## EXERCISE AIM
Please return every record exactly, with no pictures included.

Top of INFORMATION GIVEN

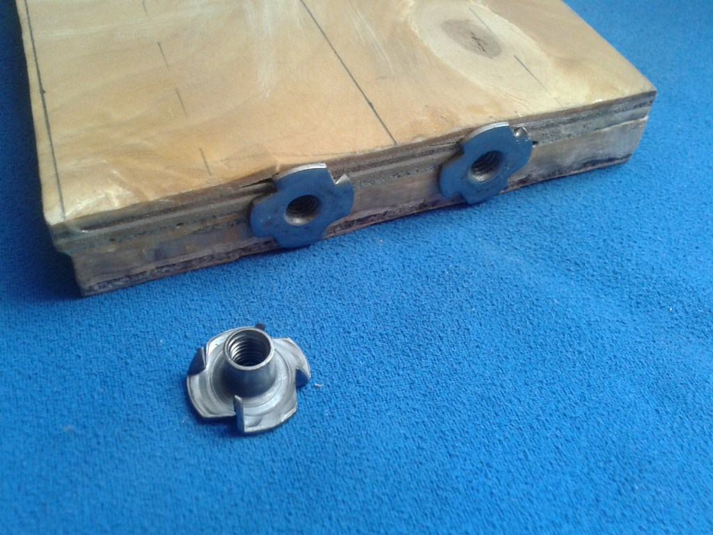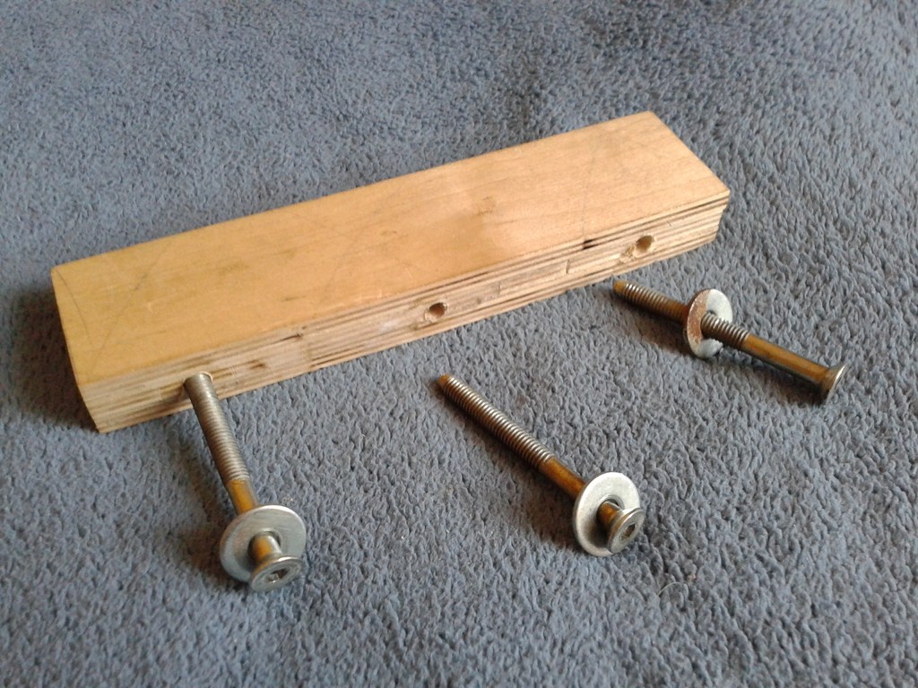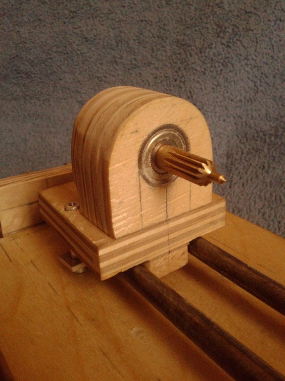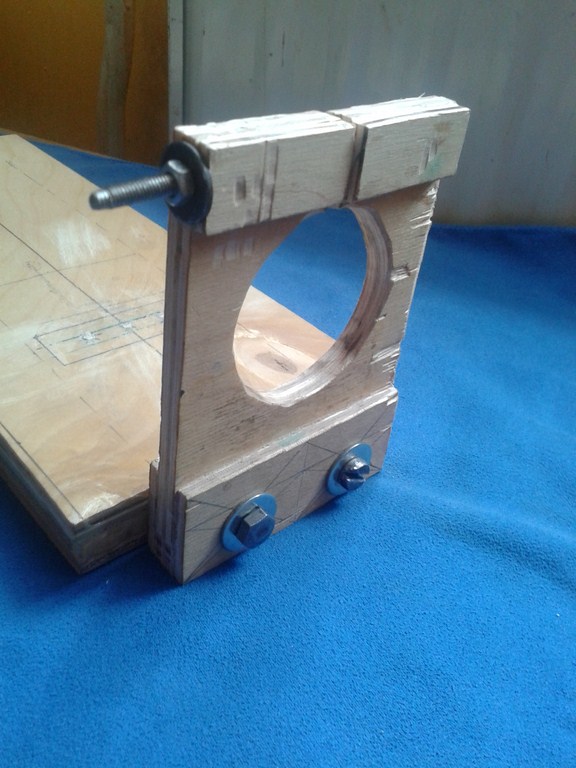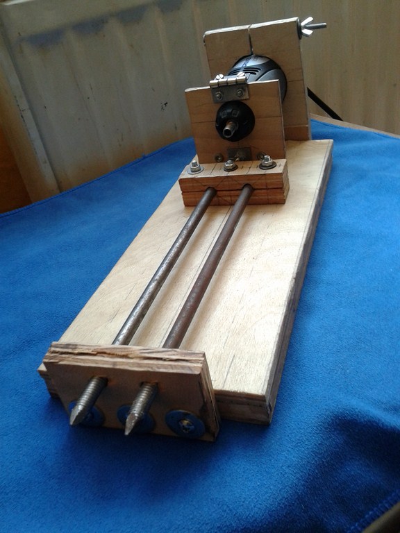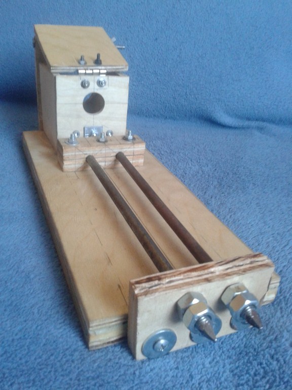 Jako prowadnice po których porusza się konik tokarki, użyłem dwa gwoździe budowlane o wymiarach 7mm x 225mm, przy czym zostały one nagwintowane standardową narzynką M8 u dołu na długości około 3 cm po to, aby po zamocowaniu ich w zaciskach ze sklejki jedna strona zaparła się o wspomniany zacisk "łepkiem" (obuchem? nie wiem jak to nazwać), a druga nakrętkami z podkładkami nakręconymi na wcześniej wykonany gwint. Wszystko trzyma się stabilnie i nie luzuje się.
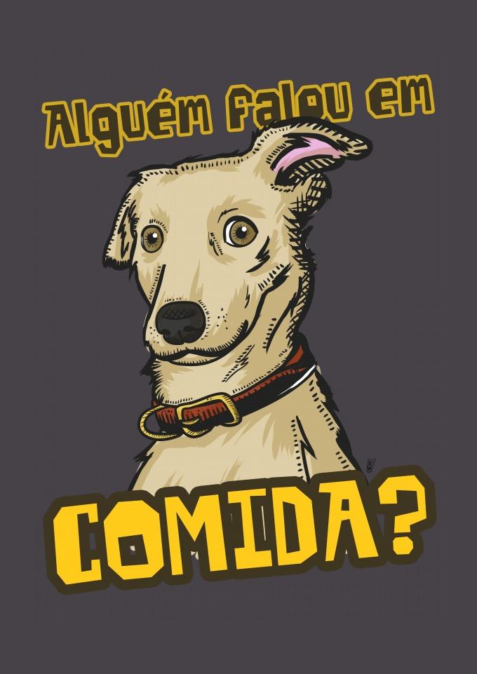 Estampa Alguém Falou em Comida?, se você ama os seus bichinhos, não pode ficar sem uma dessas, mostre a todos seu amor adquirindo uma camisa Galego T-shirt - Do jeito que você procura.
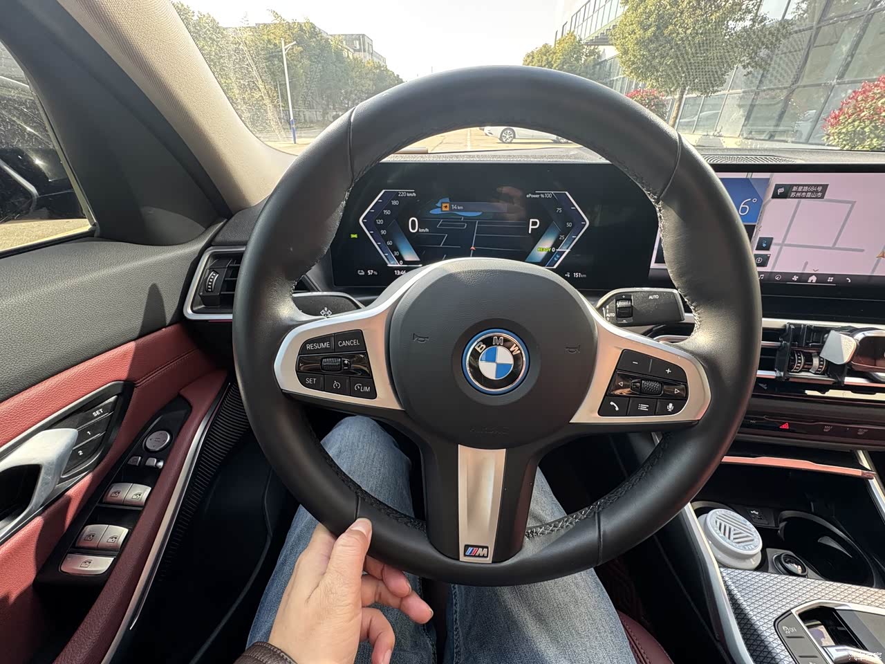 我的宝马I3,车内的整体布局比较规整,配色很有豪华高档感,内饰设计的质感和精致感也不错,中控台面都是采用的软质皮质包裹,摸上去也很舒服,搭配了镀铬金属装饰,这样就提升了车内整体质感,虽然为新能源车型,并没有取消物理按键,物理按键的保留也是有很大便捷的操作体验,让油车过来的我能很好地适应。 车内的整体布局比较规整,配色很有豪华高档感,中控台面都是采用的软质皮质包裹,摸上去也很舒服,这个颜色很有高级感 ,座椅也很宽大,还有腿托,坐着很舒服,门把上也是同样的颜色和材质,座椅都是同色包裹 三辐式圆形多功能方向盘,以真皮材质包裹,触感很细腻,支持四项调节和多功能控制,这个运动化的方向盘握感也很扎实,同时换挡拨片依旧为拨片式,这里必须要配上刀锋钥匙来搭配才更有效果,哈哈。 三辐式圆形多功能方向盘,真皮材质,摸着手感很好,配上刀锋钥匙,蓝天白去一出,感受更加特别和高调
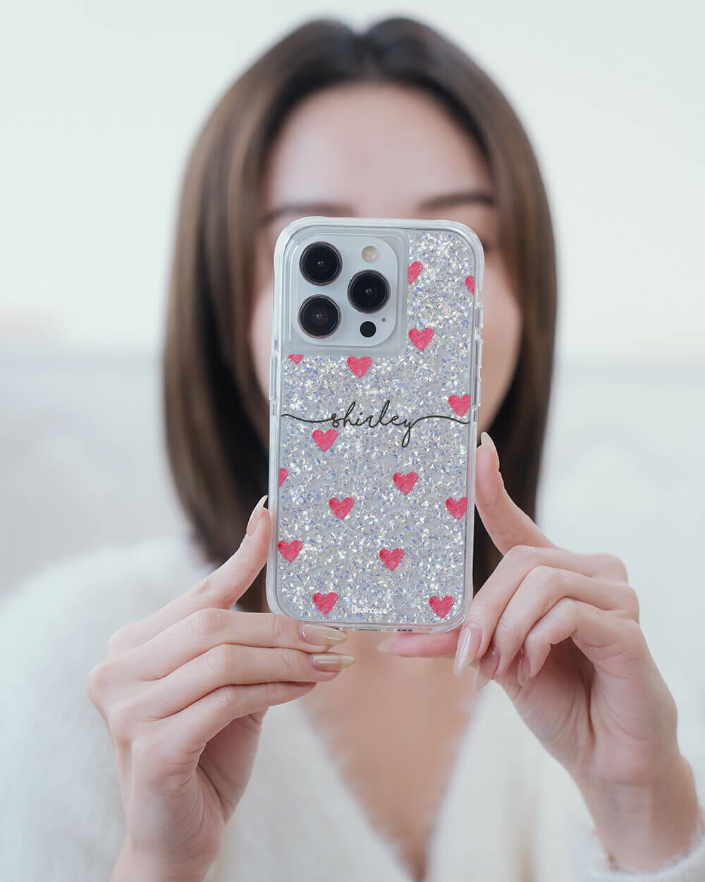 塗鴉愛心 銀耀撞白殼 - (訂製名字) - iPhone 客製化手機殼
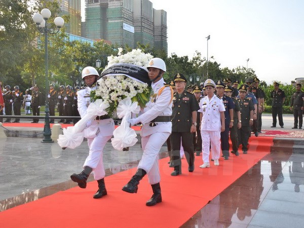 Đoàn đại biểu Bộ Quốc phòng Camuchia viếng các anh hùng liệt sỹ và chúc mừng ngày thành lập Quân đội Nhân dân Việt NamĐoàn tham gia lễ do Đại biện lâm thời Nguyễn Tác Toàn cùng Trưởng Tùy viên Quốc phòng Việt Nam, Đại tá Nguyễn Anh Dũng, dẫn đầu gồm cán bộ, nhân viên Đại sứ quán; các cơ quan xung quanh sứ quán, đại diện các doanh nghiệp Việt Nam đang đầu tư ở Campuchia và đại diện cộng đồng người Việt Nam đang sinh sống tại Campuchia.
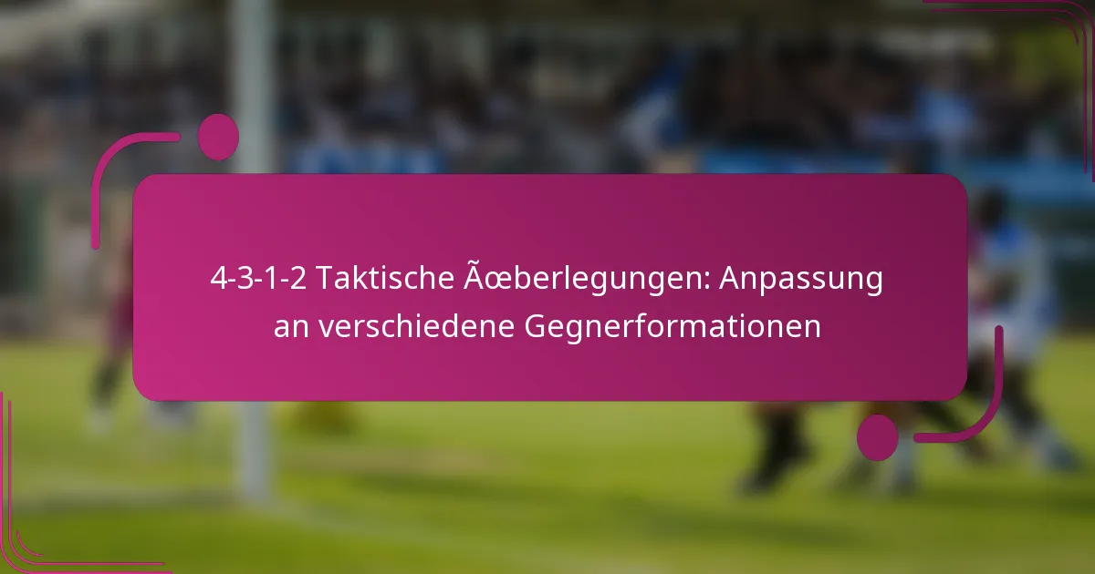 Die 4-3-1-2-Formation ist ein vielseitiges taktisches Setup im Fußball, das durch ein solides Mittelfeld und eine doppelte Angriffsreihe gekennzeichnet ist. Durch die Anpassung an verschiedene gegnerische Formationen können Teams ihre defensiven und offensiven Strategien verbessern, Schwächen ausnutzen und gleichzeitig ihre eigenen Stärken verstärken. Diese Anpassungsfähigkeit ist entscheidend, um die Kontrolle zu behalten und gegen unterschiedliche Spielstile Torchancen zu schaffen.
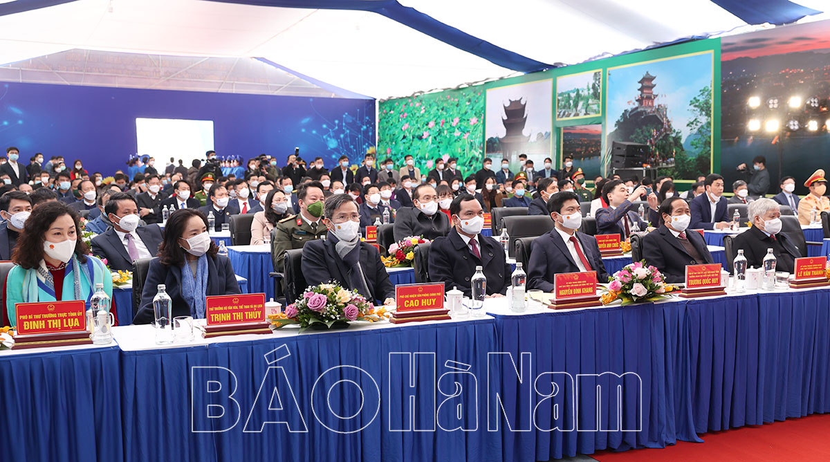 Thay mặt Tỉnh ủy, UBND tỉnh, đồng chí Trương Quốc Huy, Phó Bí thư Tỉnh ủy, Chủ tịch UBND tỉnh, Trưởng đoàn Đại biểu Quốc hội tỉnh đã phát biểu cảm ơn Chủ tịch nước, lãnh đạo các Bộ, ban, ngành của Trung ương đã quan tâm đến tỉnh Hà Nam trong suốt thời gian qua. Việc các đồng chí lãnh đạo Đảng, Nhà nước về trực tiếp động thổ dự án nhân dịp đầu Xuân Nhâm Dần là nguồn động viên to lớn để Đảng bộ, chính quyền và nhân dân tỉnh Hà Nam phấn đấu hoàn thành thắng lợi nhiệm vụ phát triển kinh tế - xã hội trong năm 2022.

Bottom of INFORMATION GIVEN

## SOLUTION FOR THIS TASK
 Jako prowadnice po których porusza się konik tokarki, użyłem dwa gwoździe budowlane o wymiarach 7mm x 225mm, przy czym zostały one nagwintowane standardową narzynką M8 u dołu na długości około 3 cm po to, aby po zamocowaniu ich w zaciskach ze sklejki jedna strona zaparła się o wspomniany zacisk "łepkiem" (obuchem? nie wiem jak to nazwać), a druga nakrętkami z podkładkami nakręconymi na wcześniej wykonany gwint. Wszystko trzyma się stabilnie i nie luzuje się.
 Estampa Alguém Falou em Comida?, se você ama os seus bichinhos, não pode ficar sem uma dessas, mostre a todos seu amor adquirindo uma camisa Galego T-shirt - Do jeito que você procura.
 我的宝马I3,车内的整体布局比较规整,配色很有豪华高档感,内饰设计的质感和精致感也不错,中控台面都是采用的软质皮质包裹,摸上去也很舒服,搭配了镀铬金属装饰,这样就提升了车内整体质感,虽然为新能源车型,并没有取消物理按键,物理按键的保留也是有很大便捷的操作体验,让油车过来的我能很好地适应。 车内的整体布局比较规整,配色很有豪华高档感,中控台面都是采用的软质皮质包裹,摸上去也很舒服,这个颜色很有高级感 ,座椅也很宽大,还有腿托,坐着很舒服,门把上也是同样的颜色和材质,座椅都是同色包裹 三辐式圆形多功能方向盘,以真皮材质包裹,触感很细腻,支持四项调节和多功能控制,这个运动化的方向盘握感也很扎实,同时换挡拨片依旧为拨片式,这里必须要配上刀锋钥匙来搭配才更有效果,哈哈。 三辐式圆形多功能方向盘,真皮材质,摸着手感很好,配上刀锋钥匙,蓝天白去一出,感受更加特别和高调
 塗鴉愛心 銀耀撞白殼 - (訂製名字) - iPhone 客製化手機殼
 Đoàn đại biểu Bộ Quốc phòng Camuchia viếng các anh hùng liệt sỹ và chúc mừng ngày thành lập Quân đội Nhân dân Việt NamĐoàn tham gia lễ do Đại biện lâm thời Nguyễn Tác Toàn cùng Trưởng Tùy viên Quốc phòng Việt Nam, Đại tá Nguyễn Anh Dũng, dẫn đầu gồm cán bộ, nhân viên Đại sứ quán; các cơ quan xung quanh sứ quán, đại diện các doanh nghiệp Việt Nam đang đầu tư ở Campuchia và đại diện cộng đồng người Việt Nam đang sinh sống tại Campuchia.
 Die 4-3-1-2-Formation ist ein vielseitiges taktisches Setup im Fußball, das durch ein solides Mittelfeld und eine doppelte Angriffsreihe gekennzeichnet ist. Durch die Anpassung an verschiedene gegnerische Formationen können Teams ihre defensiven und offensiven Strategien verbessern, Schwächen ausnutzen und gleichzeitig ihre eigenen Stärken verstärken. Diese Anpassungsfähigkeit ist entscheidend, um die Kontrolle zu behalten und gegen unterschiedliche Spielstile Torchancen zu schaffen.
 Thay mặt Tỉnh ủy, UBND tỉnh, đồng chí Trương Quốc Huy, Phó Bí thư Tỉnh ủy, Chủ tịch UBND tỉnh, Trưởng đoàn Đại biểu Quốc hội tỉnh đã phát biểu cảm ơn Chủ tịch nước, lãnh đạo các Bộ, ban, ngành của Trung ương đã quan tâm đến tỉnh Hà Nam trong suốt thời gian qua. Việc các đồng chí lãnh đạo Đảng, Nhà nước về trực tiếp động thổ dự án nhân dịp đầu Xuân Nhâm Dần là nguồn động viên to lớn để Đảng bộ, chính quyền và nhân dân tỉnh Hà Nam phấn đấu hoàn thành thắng lợi nhiệm vụ phát triển kinh tế - xã hội trong năm 2022.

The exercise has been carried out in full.